As matters would have it, by the end of February, the Tanzanian shilling was rather impressive trading at an average rate of TSh2,300.9 for every dollar, a commendable standoff compared to the TSh2,300 that was the trading rate against the dollar just a month before in January of this year.
Further still, despite the slowed trading owing to the coronavirus threat, the indicative foreign exchange market report released by the BoT at the end of the quarter (March 31) shows that the Tanzanian shilling traded faithfully at TSh2,278 (buying) and was sold at fairly rewarding TSh2,301 to the dollar.
Uganda to boost its bourse through electronic registration
The Uganda Securities Exchange (USE) is targeting to double the number of investors opening Securities Central Depository accounts to 3,500 per year from the current range of between 1,500 and 1,700. The move will be enhanced, according to USE, by the launch of the Online Easy Portal, which enables investors to open accounts online.
There has also been a push to have telecos list at the USE before they are allowed to operate. For example, telecommunication giant MTN has been asked to float at least 20 percent of its shares within two years. The telco which connects subscribers in 22 countries in Africa and the Middle East is Uganda’s biggest rival operator, rivaling Airtel Uganda and Africell.
MTN is listed on the Johannesburg Stock Exchange, Nigerian Stock Exchange, and Ghana Stock Exchange, while it started mulling to go on the RSE back in 2019.
Commercial banks operating in Uganda announced they will lower their interest rates on loans to businesses and individuals in the coming days. The announcement comes after the governor of the Bank of Uganda (BOU), threatened to cap on the banks’ rates.
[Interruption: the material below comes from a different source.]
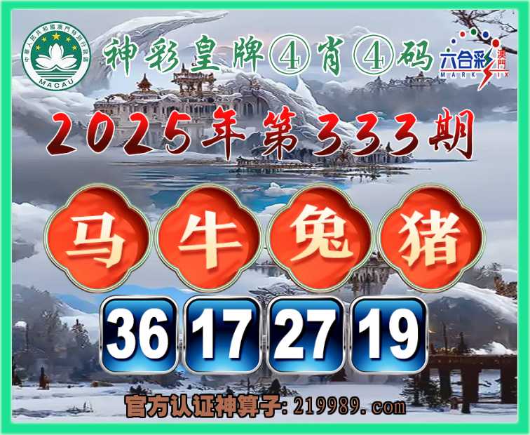 333期: 🎉『神彩皇牌』 🎉④肖④码🎉【马牛兔猪】【36.17.27.19】开:00准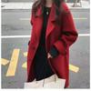 Casaco de lã Red Hepburn feminino 2024 inverno novo estilo coreano solto comprimento médio comprimento joelho casaco engrossado

According to BOU Governor, despite the reduction by 200 basis points (to 7%) in the central bank’s rate between April and June 2020 to mitigate the effects of the COVID-19 pandemic on the economy, the banking industry’s weighted average lending rate fell from 17.7% in April to 18.8% in May. The bank has threatened to evoke section 39(1)(d) of the Bank of Uganda Act (2000) which allows the Central Bank of Uganda to set, in consultation with the Minister of Finance, the minimum and maximum interest rates applicable by financial institutions.
Rwanda: Steady ship despite Covid-19 effects
While Rwanda has one of the youngest bourses in the region, its growth has been phenomenal. In the period it has operated, the RSE has managed to attract major companies due to its effectiveness and recently, adapting to technology. During the Covid-19 period, the bourse has remained steady showing great levels of resilience.
The market has doubled in traded volumes in the first three months of 2020, compared with the same period last year. Between January 3 and March 18, it has garnered Rwf8.646 billion (US$9 million) in volumes, compared with Rwf4.031 billion (US$4.2 million) in volumes traded between January 3 and March 29, 2019, according to data from RSE.
Plans by the government have also ensured that companies remain stable. Last March, the National Bank of Rwanda (BNR) announced that it had set aside a Rwf50 billion (US$50 million) external lending facility for commercial banks to borrow from, as lenders brace themselves to deal with the market shocks caused by the Covid-19 pandemic. Banks with liquidity challenges will be able to borrow at the central bank rate, with the tenure extended from overnight to 3.6 and 12 months, available for the next six months.